Ahhh, I get it. I think I see what's going on here.

Reminds me of a quote.

*Fascism should rightly be called Corporatism, as it is the merger of corporate and government power.--Benito Mussolini*


----------



## mosesbotbol (Sep 21, 2005)

It's one thing to educate people on the dangers of smoking (which I am for), but making laws to ban it I do not agree with.


----------



## TripleF (May 16, 2007)

mosesbotbol said:


> It's one thing to educate people on the dangers of smoking (which I am for), but making laws to ban it I do not agree with.


I wholeheartedly agree!!

Seems America is forgetting WHY America is America. We were founded because of too many laws that strangled the free man.

Be sure to volunteer to fight these laws, if you are given the opportunity.


----------



## muziq (Mar 14, 2005)

Based on that story, it would appear most if not all of that money will be directed at 3rd world countries, and aimed at abating cigarette smoking. :cb


----------



## leasingthisspace (Jun 9, 2008)

I guess I am going to have donate billions to promote smoking. 




Now all I need is the billions. Anyone know where I can find a few billions just laying around.


----------



## mugen910 (May 14, 2008)

That is why I stopped listening/reading the news!


----------



## Emjaysmash (May 29, 2008)

leasingthisspace said:


> I guess I am going to have donate billions to promote smoking.
> 
> Now all I need is the billions. Anyone know where I can find a few billions just laying around.


Start a huge corporation, then go bankrupt. The gov't's got a couple billion lying around to bail you out.

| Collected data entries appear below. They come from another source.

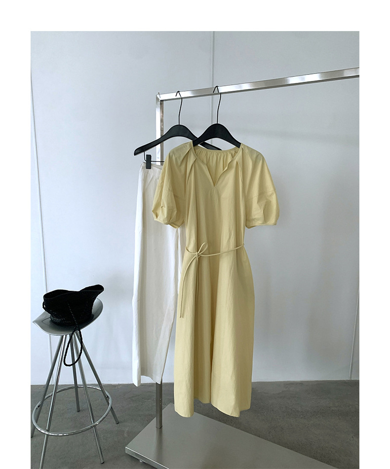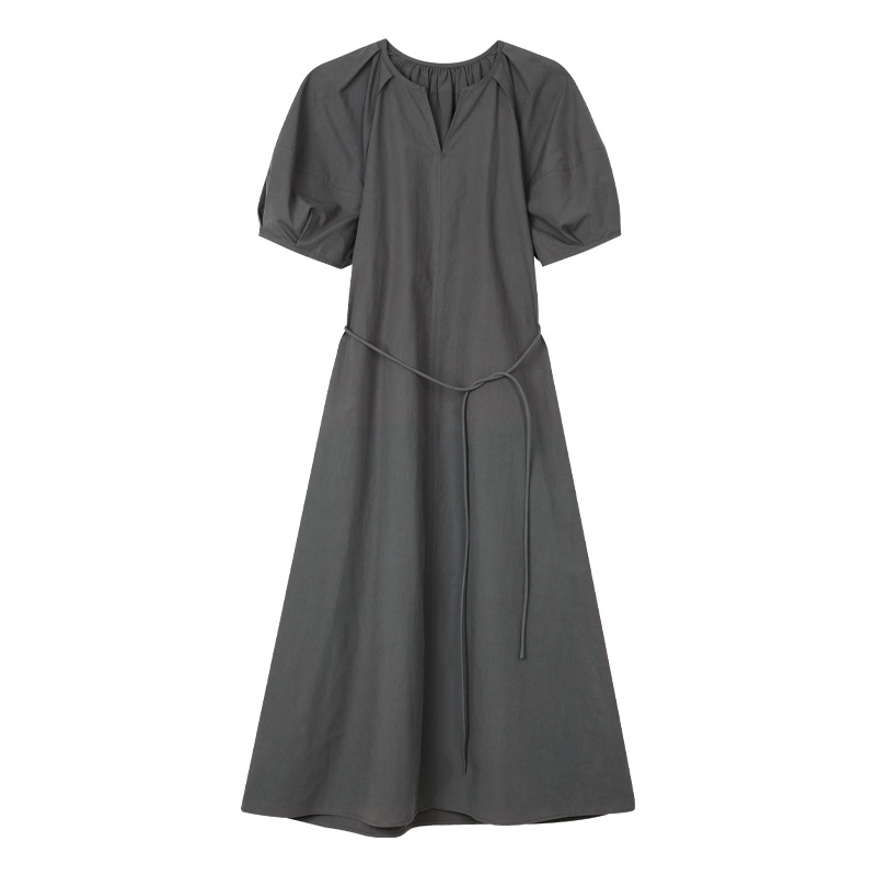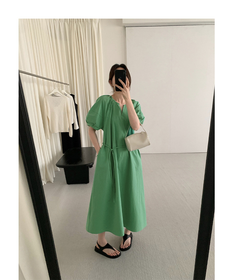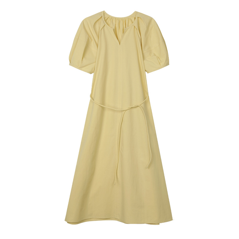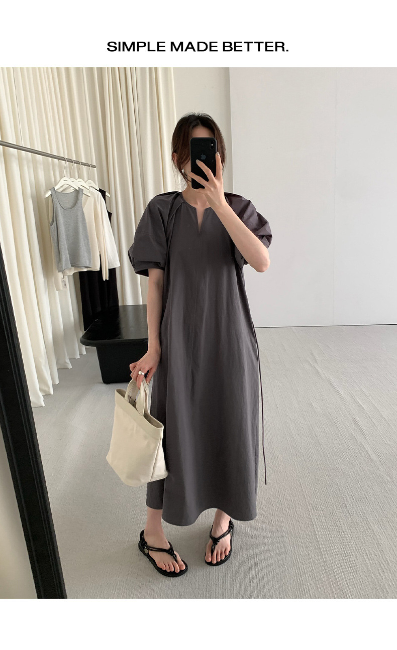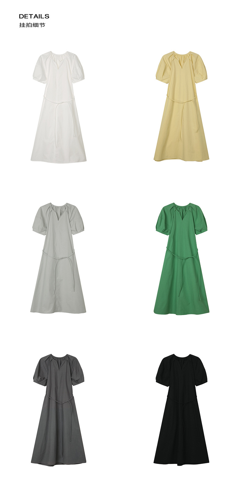 TG 프렌치 스타일 우아한 핀치 주름진 퍼프 슬리브 원피스 여성 2025 년 여름 새로운 소형 V 넥 레이스 업 롱 원피스 24850스토어 가기
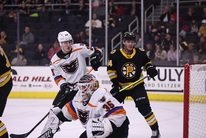 Providence, RI – The Lehigh Valley Phantoms and Providence Bruins raced out to an exciting and high-scoring start with five combined goals in the first 13 minutes after which the Bruins rallied from behind to post a 5-4 overtime win on Tuesday night at Dunkin’ Donuts Center. Johnny Beecher scored the go-ahead goal in the second period and then added the 3-on-3 winner for the Bruins.
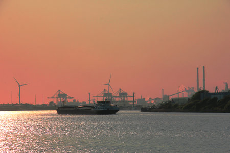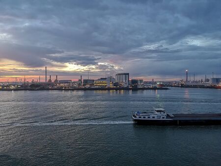 Vlaardingen, The Netherlands - Nov 6th, 2018 : Petroleum industrial port at Het Scheur river when sunset, Vlaardingen.
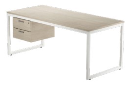 Cajonera colgante con guías metálicas de extracción total y llave centralizada. Fabricada en tablero de partículas con recubrimiento de melamina de 19 mm de espesor. Cantos termofusionados de 1 mm de espesor. Varios acabados. Fijación a la mesa mediante herrajes específicos.
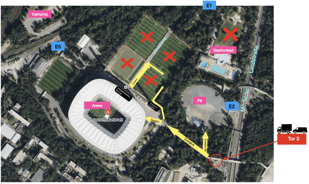 A7 Richtung Frankfurt. Wechseln Sie auf die A5 Richtung Frankfurt, Gießen. Am Frankfurter Kreuz wechseln Sie auf die A3 Richtung Frankfurt-Stadion, Würzburg. An der Anschlussstelle Frankfurt-Süd wechseln Sie auf die B43/44 Richtung Frankfurt-Stadtmitte, Stadion. Folgen Sie der Beschilderung (Stadionsymbol) zu Tor 3 / Gate 3. Die Zufahrt zu Tor 3 / Gate 3 ist kurz vor der Abfahrt Sportverbände. Bitte langsam fahren.
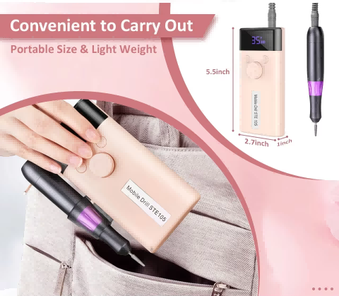 Thiết kế màn hình của máy đánh bóng móng tay điện 30.000 vòng / phút này có công tắc bật/tắt và xoay tiến/lùi để kích hoạt tổng cộng bằng một nút bấm, ổ cắm sạc nhanh ở phía dưới, ổ cắm máy khoan có thể thay thế ở phía trên và tốc độ điều chỉnh ba vị trí để đáp ứng nhiều nhu cầu khác nhau.
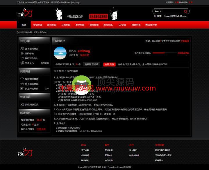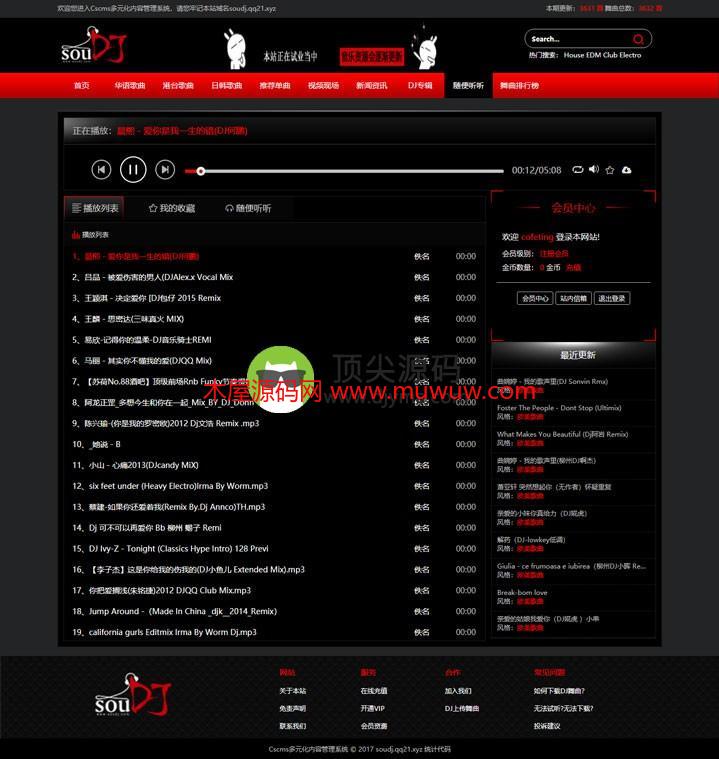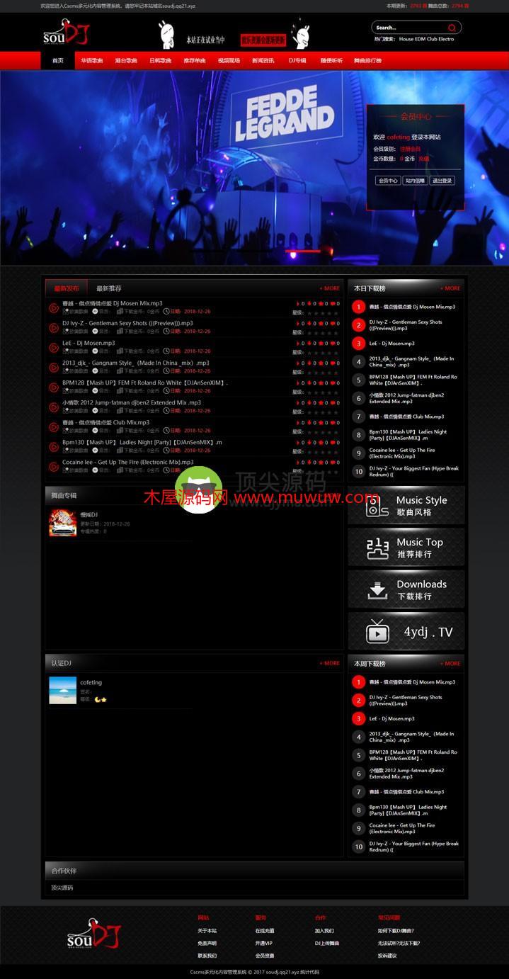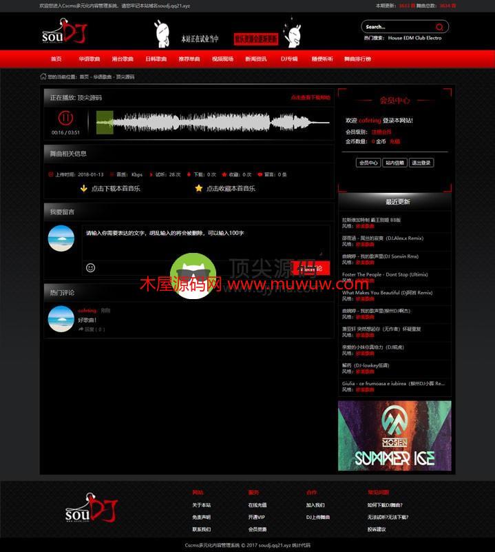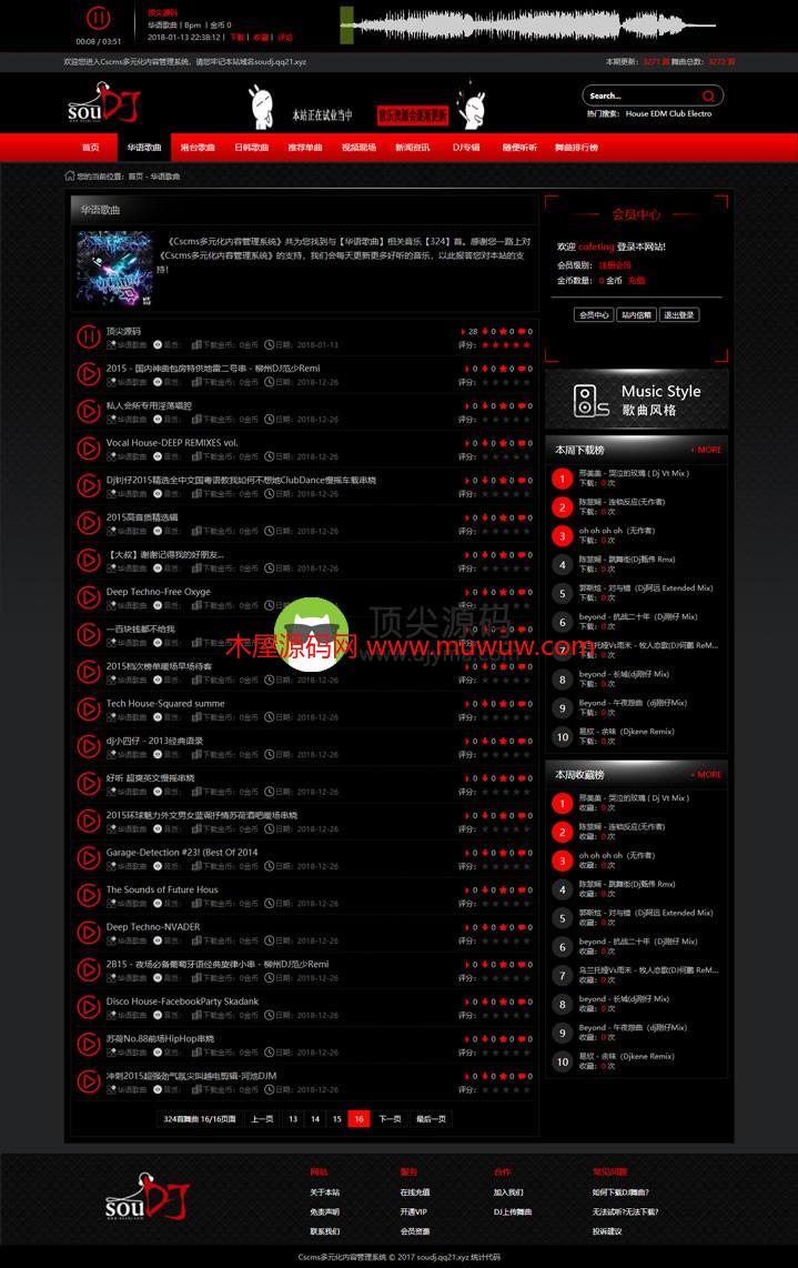 Cscms V4.1 搜DJ soudj 网站模板 带波纹生成演示地址:立即进入模板完整非常适合做舞曲网站
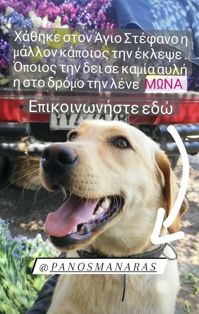 Το πρωί της Δευτέρας 16 Αυγούστου 2022 χάθηκε το εικονιζόμενο σκυλάκι, στον Άγιο Στέφανο. Την λένε Μώνα, είναι θηλυκό ημίαιμο λαμπραντόρ, ενός έτους. Είναι πολύ φιλική.
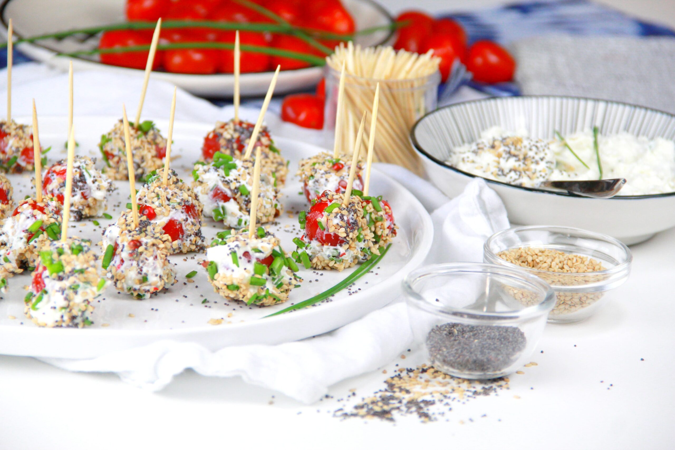 3. Je lave et sèche les tomates cerises, puis je façonne des boulettes en enrobant chaque tomate cerise dans le mélange de fromage frais.
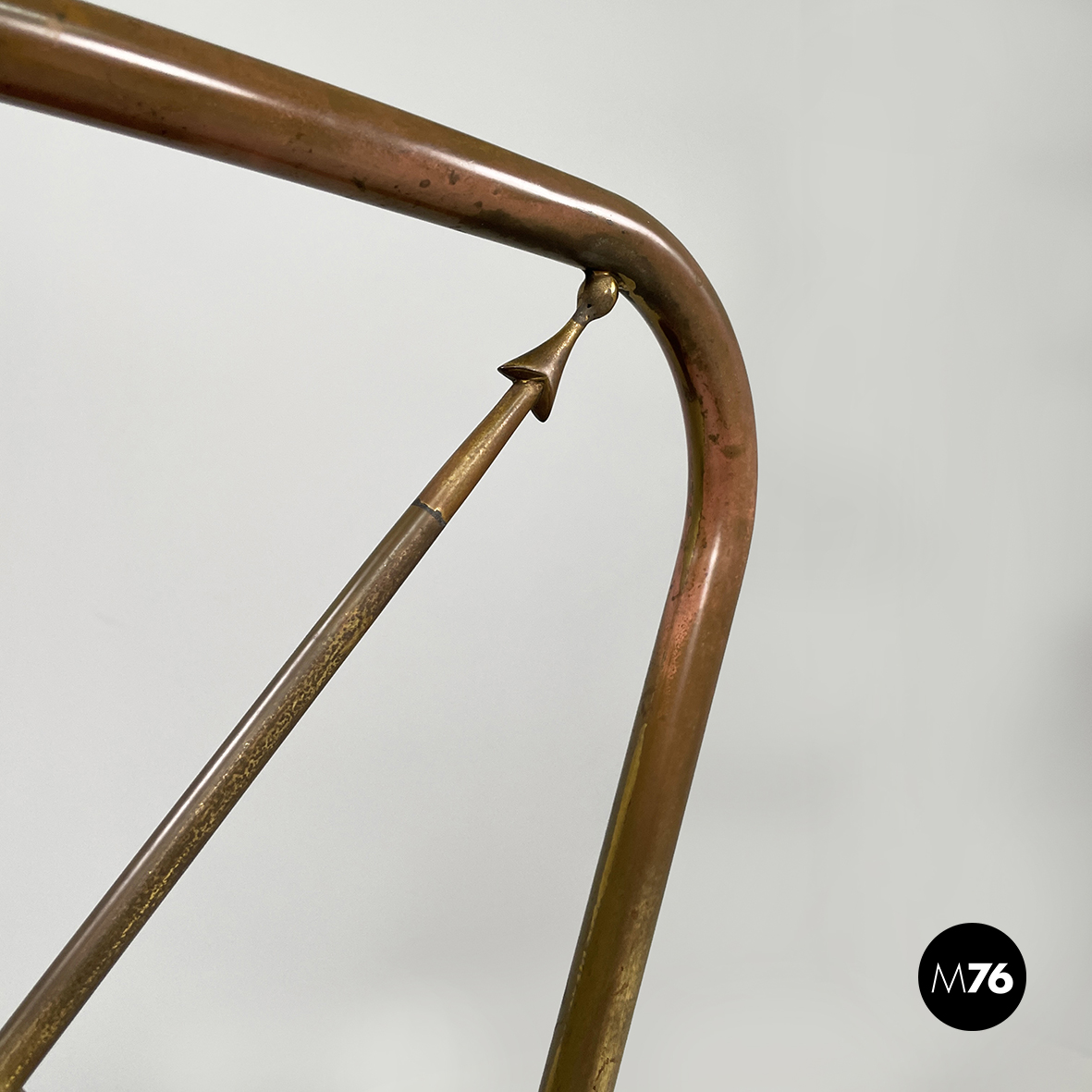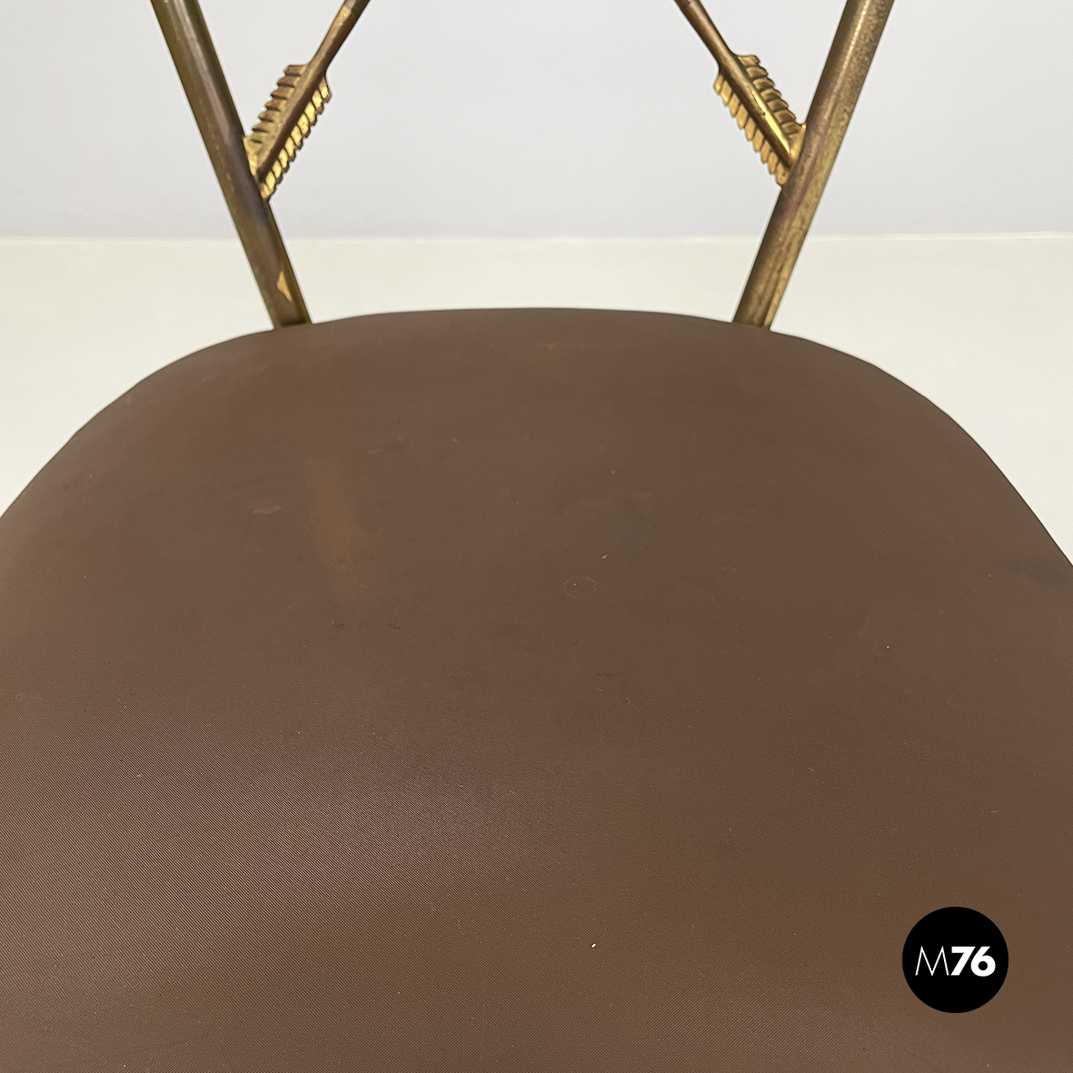 Sedia in ottone e tessuto. La seduta è squadrata con angoli arrotondati imbottita e rivestita in tessuto marrone scuro. Lo schienale in ottone è composto da un tubolare al centro due frecce poste a X con un cilindro al loro incrocio. Le zampe sono in tondino di ottone con piedini neri.
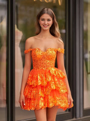This elegant orange A-line dress features a flattering sweetheart neckline and off-the-shoulder design, enhancing its sophisticated appeal. The tiered short-length skirt adds playful movement, while the sleeveless cut ensures comfort and ease. A lace-up back provides adjustable fit and a touch of classic charm. Delicate ruffles and subtle sequins complete the look, making it perfect for special occasions where style and grace are paramount.
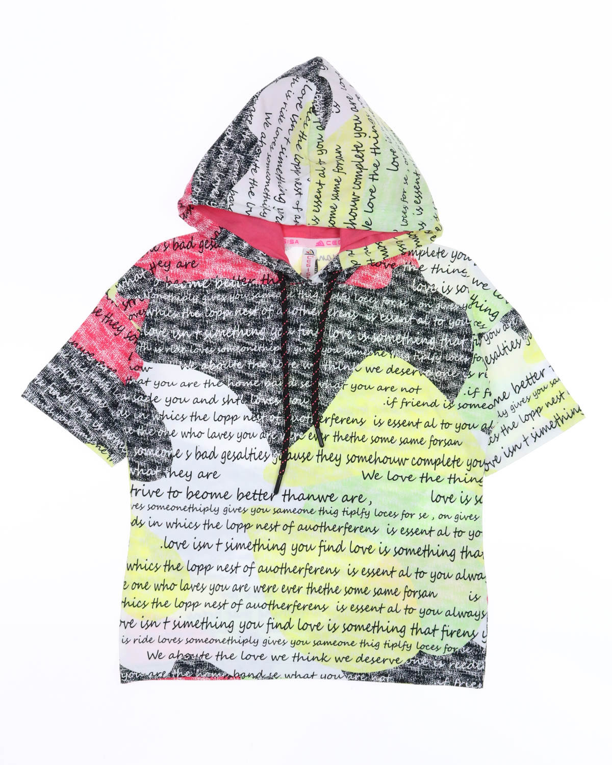 Летний костюм Cegisa для девочки оптом. Футболка с короткими рукавами, украшеная принтом и дополнена капюшоном со шнурком. Однотонные велосипедки облегающего кроя с поясом на резинке. Костюм изготовлен из хлопка с добавлением лайкры.
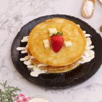 -Drizzle cream in between pancakes,add butter,drizzle maple syrup & serve!
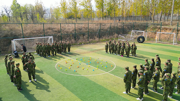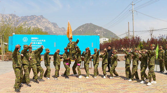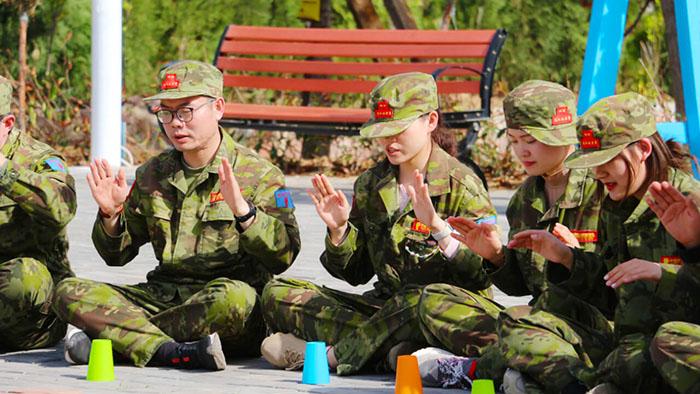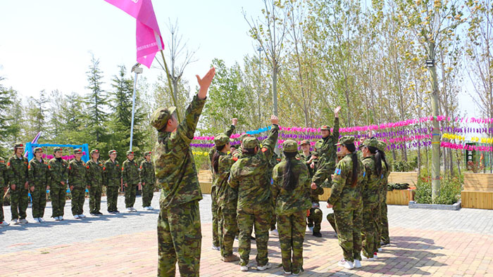 開訓(xùn)前,在破冰啟航環(huán)節(jié)——【智勇通關(guān)】項目中,每組選一個大魔王來防守別隊,該隊隊員依次挑戰(zhàn)大魔王,石頭剪刀布定輸贏,贏了直接通過,輸了轉(zhuǎn)一圈,回來接著挑戰(zhàn),再輸即增加圈數(shù),直到全部隊員通過。大家把團(tuán)隊當(dāng)成了自己的“城堡”,在“對抗魔王”中,每個隊員都拼盡全力,期待被幸運(yùn)女神光顧,期待團(tuán)隊能盡早完成任務(wù),大家的歡笑聲、喝彩聲灑滿了訓(xùn)練場。

...sounds easy enough to me...


----------



## leasingthisspace (Jun 9, 2008)

Emjaysmash said:


> Start a huge corporation, then go bankrupt. The gov't's got a couple billion lying around to bail you out.
> 
> ...sounds easy enough to me...


You know I was thinking that........ the wheels are turning now.


----------



## macjoe53 (Jul 8, 2007)

If it would do any good I would dump any stock that I held in their companies but since I don't own any of their stock it doesn't matter anyway. 

As for Bill "I have so much money I don't know how to throw it away" Gates, I don't even buy his products. I'm a Mac user.:r


----------



## TheTraveler (Aug 20, 2008)

Oh, thank God! Thank God!!! I've been needing someone to tell me what to do with my smoking urges!

Now if I could just find someone to help me with my urges to throttle those that tell me what to do based on their own personal beliefs!

What a load of :BS !


----------